Woolf confirms his description, adding that the album almost got a different name.

"We nearly called the album Critters," as she notes that the album, opens with "Can't You Hear Them Wolves A-Howling," and also includes the songs "Groundhog," "Possum Song" and "The Boll Weevil," (plus the noncritter salutes to their homes: "Little Rock Rock" and "The State of Missouri.") "Mark has been looking for great old songs since he was playing in Big Smith, and I was looking for funny songs. I was kind of on an animal kick. Those were the ones I liked!"

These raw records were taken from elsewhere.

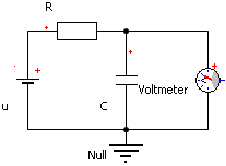 - Würden wir diese Schaltung als "materiellen" Versuchsstand aufbauen, so könnte man bei einer hinreichend großen Kondensator-Kapazität am Voltmeter beobachten, wie sich der Kondensator bis zur Ausgangsspannung des Netzteils auflädt. Solche Versuche sollten aus dem Physikunterricht bekannt sein. Nur so erhält man die Chance, ein Gefühl dafür entwickeln, dass es z.B. "funkt", wenn man den Reihenwiderstand vergisst. Und dass es gewaltig "funkt", wenn man den aufgeladenen Kondensator mit einem Draht kurzschließt. Außerdem erhöht die Reaktion des Physiklehrers auf solche Ereignisse zusätzlich die soziale Kompetenz des Experimentierenden.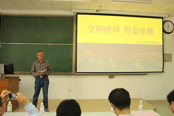 会议开始,播放了由文学院新闻工作室精心制作的运动会风采展视频,其中不仅有学生全力以赴地奔跑,也有教职工的拼搏。当提到赛场上各位运动健儿、志愿者的精彩表现时,两天一直在田径场上为参赛教师、学生,志愿者,加油助威和拍照的党委副书记邹维忠感慨万分。他以幻灯片形式播放了他所记录的赛场上的精彩瞬间;并为现场师生分享了三个在比赛时发生的小故事:5000米长跑肌肉拉伤无法比赛却依旧坚持一圈的俄语1702班托列别尼,“巾帼不让须眉”即使被套圈也坚持到底的音乐1701班王雅云,跑道上连续被四位对手超越跑完连声说“老师对不起,我跑得不好”的韩欣睿。针对参赛学生及教师在运动会上的精彩表现,邹维忠用毛泽东、邓小平、习近平三位领导人的运动健体经历来阐述锻炼的重要性,并向现场全体师生表达衷心的祝福。
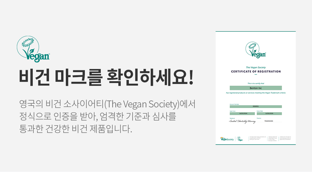 벤튼(BENTON)은 유해 성분을 원천 배제하며, 고품질과 합리적 가격의 건강한 화장품을 만드는 브랜드입니다.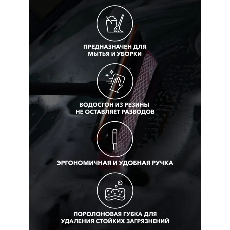Щетка для мытья стекол с поролоном и водосгоном (39см) Описание: Щетки для уборки и мытья 24 шт 20 см с поролоном и водосгоном AIRLINE ABGN008 выполнена из пластика с насадкой из мягкого поролона и водосгоном с другой стороны. Компактная щетка с пластиковой ручкой подойдет для удаления загрязнений со стекол легковых и среднегабаритных автомобилей. На рабочей поверхности щетки расположена поролоновая губка и прорезиненный водосгон. Идеально подходит для мытья лобового стекла за счет размера насадки. Отлично справляется с запотевшими стеклами. Благодаря этому, вы сможете без усилий очистить лобовое стекло, крышу, капот, борта грузового автотранспорта. Автощетка оснащена микрофиброй, которая обеспечивает очистку без появления царапин на лакокрасочных поверхностях. Насадка поролоновая хорошо впитывает воду, очищает стекла и отлично собирает пыль с кузова на сухую. Автощетку удобно хранить в багажнике, в кладовке, в машине и легко найдет применение в быту. Автомобильная телескопическая щетка - это самый важный аксессуар который должен быть у каждого автолюбителя. Щетка AIRLINE для автомобиля повысит уровень комфорта во время путешествий и ежедневных поездок, поэтому станет нужным полезным подарком автомобилисту, мужу, папе, бату, дяде, жене, маме, сестре, тете, коллеге. Этот аксессуар для машины - это универсальный подарок на любой праздник, новый год, 23 февраля, 8 марта. В линейке AIRLINE, вы найдете широкий ассортимент высококачественных автотоваров и средств по уходу за вашим автомобилем щетки для окон, водосгоны, скребки, швабры. Мы гарантируем качество и надежность наших товаров. Характеристики: Артикул: ABGN008 Материал: мягкая резина и поролон Длина в разложенном виде, см: 39 Ширина щетки, см: 20 Комплектация: Щетка с картонным воблером - 1 шт Гарантия: от 1 года.
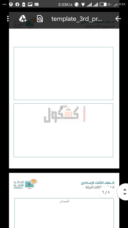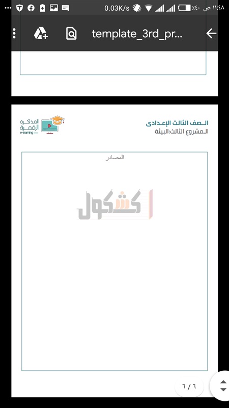 يستعد طلاب الصف الثاني الإعدادي لبدء تنفيذ عمل المشروعات البحثية المطلوبة منهم، كبديل لامتحانات نهاية العام الدراسي، ولذلك يستعرض لكم "كشكول" نموذج لقالب المشروع البحثي عن البيئة لطلاب الصف الثاني الإعدادي.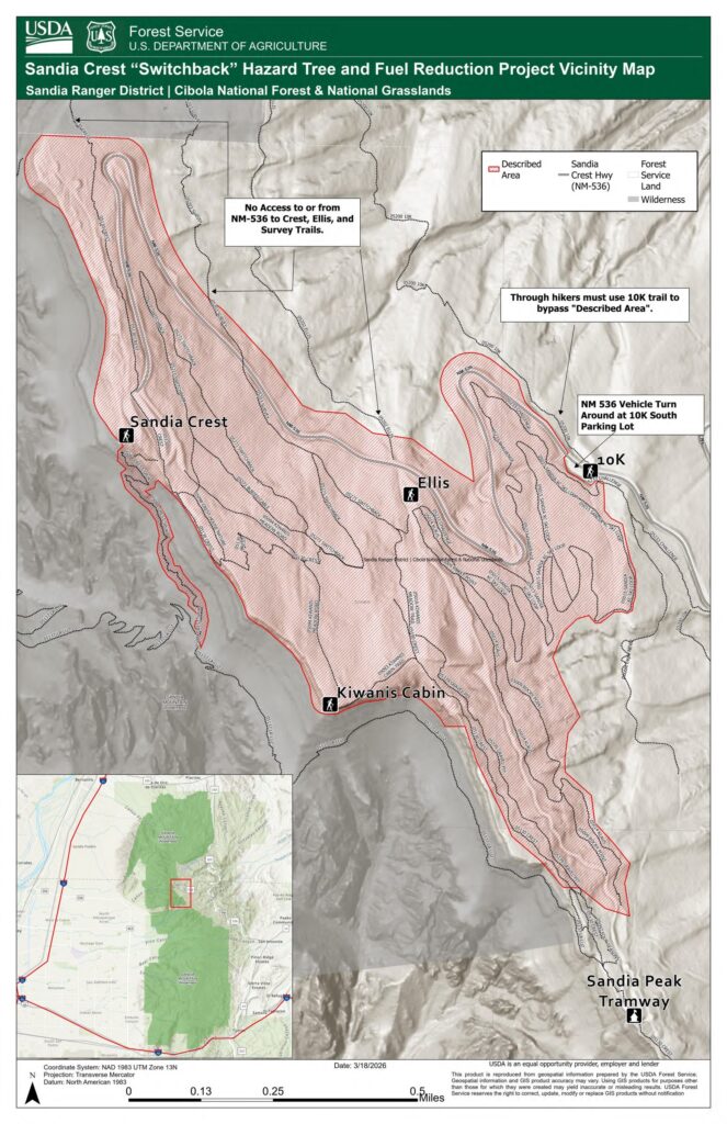 During the implementation of these projects, the Sandia Crest Recreation Area and nearby trails and recreation sites will be closed to the public for an extended period.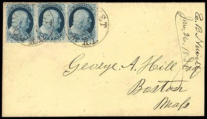 1851, 1¢ blue, type II, three singles. Plate 2, all with three large margins and cut in slightly at the top, tied by light "Woonsocket, R.I." cds's on small 1857 cover to Boston, Mass., 1858 docketing; reduced just a bit at the right, Very Fine. Scott No. 7; Estimate $150 - 200. US$150-200 (Image)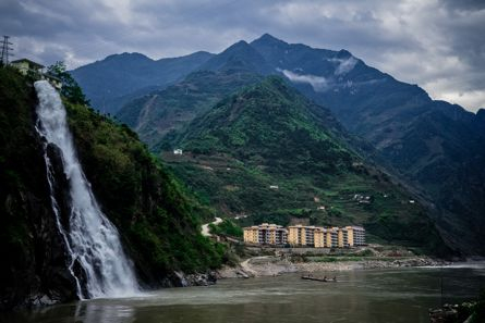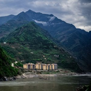 ▲在怒江边,一处异地搬迁扶贫的项目在峡谷中见缝插针。怒江峡谷山陡地少,生存环境恶劣,扶贫及经济发展任务艰巨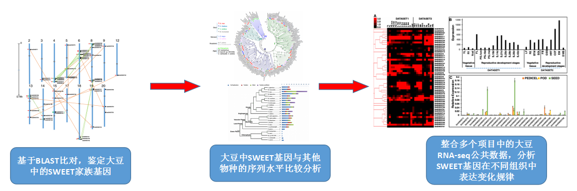 大豆研究套餐: 整個多個大豆RNA-seq公共數(shù)據(jù),分析SWEET基因家族在大豆生殖組織與營養(yǎng)組織間表達(dá)變化規(guī)律

Both sing on the album. Woolf plays banjo and guitar, and Bilyeu plays guitar, mouth bow, fox horn and various percussive odds and ends. In his liner notes Bilyeu explains that the mouth bow "was made by Otis Johnson of Mountain View, Arkansas, and was, we are told, owned by Jimmy Driftwood."

"We'll also be doing some of our original songs," she adds. "Mark is a great songwriter, and I've some stuff. So we'll be doing a big mix of Ozark tunes and some of our originals."

Woolf and Bilyeu are bringing the two musicians who backed them on Wolf Hunter: Jason Chapman on upright bass and Jay Williamson on washboard. And the band, along with opening acts Go Fast and Brad Williams, has a special purpose in playing Friday night.

"It's Sarah Woolf's birthday and she's my big sister," Woolf says, "and her three favorite bands, which includes us, are playing. Brad Williams will be playing with Nick Devlin, his band mate in The Salty Dogs."